To prepare about 500mL of the mucus component, 460. + -.10 mL of the previously prepared phosphate buffered saline solution and 7.5. + -. 0.5mL of a 10% w/v aqueous potassium hydroxide solution were added to a 1000mL heavy glass beaker. The beaker was placed on a stirred hot plate and the temperature was raised to 45 ℃. + -. 5 ℃ while stirring. A predetermined amount of gastric mucin (± 0.50g) was weighed and slowly sprinkled into the previously prepared liquid that had reached 45 ℃ without coagulation. The beaker was covered and mixing continued. The temperature of the mixture is brought to above 50 ℃ but not more than 80 ℃ within 15 minutes. While maintaining this temperature range, heating was continued for 2.5 hours with gentle stirring. After 2.5 hours, the beaker was removed from the hot plate and cooled to below 40 ℃. Then 1.8. + -. 0.2mL of 10% v/v aqueous lactic acid was added and mixed well.
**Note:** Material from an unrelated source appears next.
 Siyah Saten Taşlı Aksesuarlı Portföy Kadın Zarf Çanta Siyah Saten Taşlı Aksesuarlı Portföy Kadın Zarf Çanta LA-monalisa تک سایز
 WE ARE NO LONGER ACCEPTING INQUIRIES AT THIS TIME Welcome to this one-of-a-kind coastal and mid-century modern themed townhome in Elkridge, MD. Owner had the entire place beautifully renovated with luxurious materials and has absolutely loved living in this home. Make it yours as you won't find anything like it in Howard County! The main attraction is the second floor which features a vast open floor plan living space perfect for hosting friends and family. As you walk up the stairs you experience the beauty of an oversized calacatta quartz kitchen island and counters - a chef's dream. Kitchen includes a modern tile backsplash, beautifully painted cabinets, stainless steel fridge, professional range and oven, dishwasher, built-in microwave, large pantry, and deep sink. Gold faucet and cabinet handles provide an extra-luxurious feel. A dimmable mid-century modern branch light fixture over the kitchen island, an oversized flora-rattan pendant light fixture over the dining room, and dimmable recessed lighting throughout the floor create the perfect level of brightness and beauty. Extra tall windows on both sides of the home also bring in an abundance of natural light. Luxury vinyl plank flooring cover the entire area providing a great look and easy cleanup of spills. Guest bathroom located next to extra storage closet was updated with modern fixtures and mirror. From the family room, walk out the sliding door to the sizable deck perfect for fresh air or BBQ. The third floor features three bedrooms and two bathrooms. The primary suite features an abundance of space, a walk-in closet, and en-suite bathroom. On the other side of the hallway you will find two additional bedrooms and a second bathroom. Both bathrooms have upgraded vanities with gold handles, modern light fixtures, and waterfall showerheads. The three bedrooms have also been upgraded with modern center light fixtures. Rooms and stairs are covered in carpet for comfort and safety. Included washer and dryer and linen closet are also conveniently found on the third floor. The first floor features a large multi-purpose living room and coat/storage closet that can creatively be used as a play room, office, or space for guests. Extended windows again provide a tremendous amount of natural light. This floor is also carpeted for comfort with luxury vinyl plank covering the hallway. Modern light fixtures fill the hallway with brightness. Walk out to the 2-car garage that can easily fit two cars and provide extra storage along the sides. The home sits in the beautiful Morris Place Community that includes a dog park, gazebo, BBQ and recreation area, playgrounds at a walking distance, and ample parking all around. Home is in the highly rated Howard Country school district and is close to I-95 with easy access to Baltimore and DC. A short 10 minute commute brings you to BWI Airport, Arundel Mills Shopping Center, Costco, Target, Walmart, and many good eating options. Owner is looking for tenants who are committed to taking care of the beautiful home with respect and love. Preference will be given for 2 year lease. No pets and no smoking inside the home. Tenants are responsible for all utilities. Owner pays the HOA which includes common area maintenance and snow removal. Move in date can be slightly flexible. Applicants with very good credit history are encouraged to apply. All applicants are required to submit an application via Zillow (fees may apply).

The mucus component mixture was autoclaved at 121 ℃ for 15 minutes and cooled for 5 minutes. The mixture of mucus components was removed from the autoclave and stirred until the temperature reached 23 ℃ ± 1 ℃.
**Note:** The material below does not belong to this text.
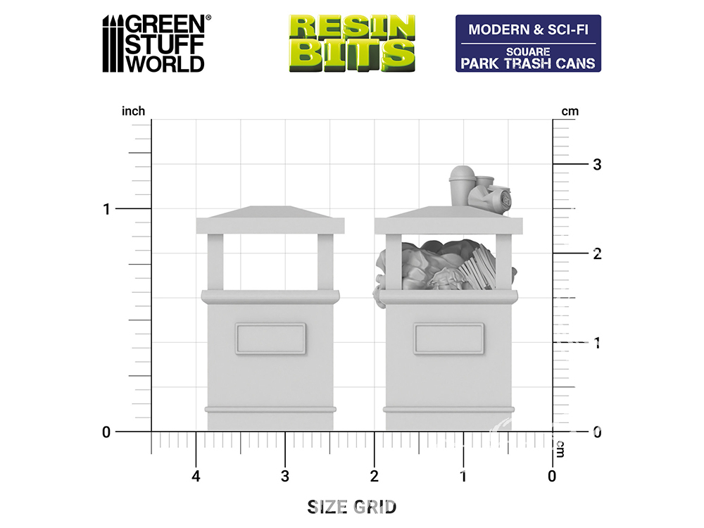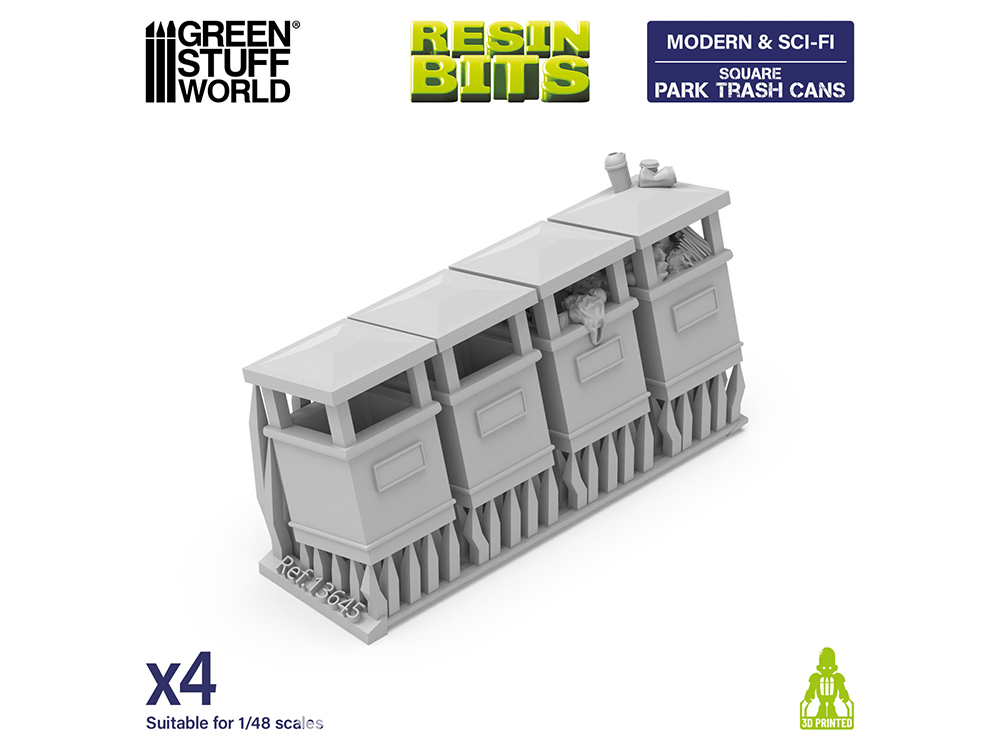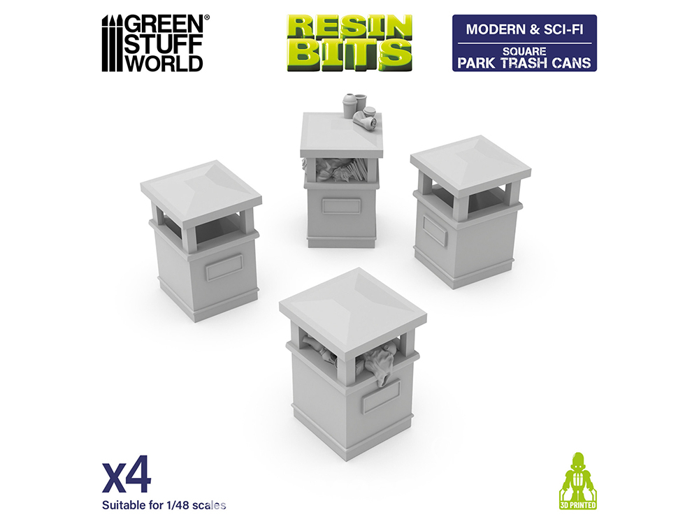 Corbeille Tulipe​ Carrée  | Poubelle de Parc Carrée pour dioramas, maquettes et jeux de société en résine 3D

The temperature of the sheep blood and mucus components was allowed to reach 23 ℃. + -. 1 ℃. The volume of the entire batch of previously prepared mucus component was measured using a 500mL graduated cylinder and added to a 1200mL beaker. An equal amount of sheep blood was added to the beaker and mixed well. The viscosity method described previously was used to ensure that the viscosity of AMF was between 7.15 and 8.65 centistokes. If not, the batch is disposed of and another batch is made as needed for adjusting the mucus component.

Unless intended for immediate use, the qualified AMF should be refrigerated at 4 ℃. After preparation, AMF can be stored in an airtight container at 4 ℃ for up to 48 hours. Before testing, AMF must be brought to 23 ℃. + -. 1 ℃. After the test is complete, any unused portions are discarded.

MD bending length

The measurements of MD bend length provided herein were obtained using the Worldwide Strategic Partiners (WSP) test method 90.1.

The dimensions and values disclosed herein are not to be understood as being strictly limited to the exact numerical values recited. Rather, unless otherwise specified, each such dimension is intended to mean both the recited value and a functionally equivalent range surrounding that value. For example, a dimension disclosed as "40 mm" is intended to mean "about 40 mm".

Each document cited herein, including any cross-referenced or related patent or application, is hereby incorporated by reference in its entirety unless expressly excluded or otherwise limited. The citation of any document is not an admission that it is prior art with any disclosure of the invention or the claims herein or that it alone, or in combination with any one or more of the references, teaches, suggests or discloses any such invention. Further, to the extent that any meaning or definition of a term in this document conflicts with any meaning or definition of the same term in a document incorporated by reference, the meaning or definition assigned to that term in this document shall govern.

While particular embodiments of the present invention have been illustrated and described, it would be obvious to those skilled in the art that various other changes and modifications can be made without departing from the spirit and scope of the invention. It is therefore intended to cover in the appended claims all such changes and modifications that are within the scope of this invention.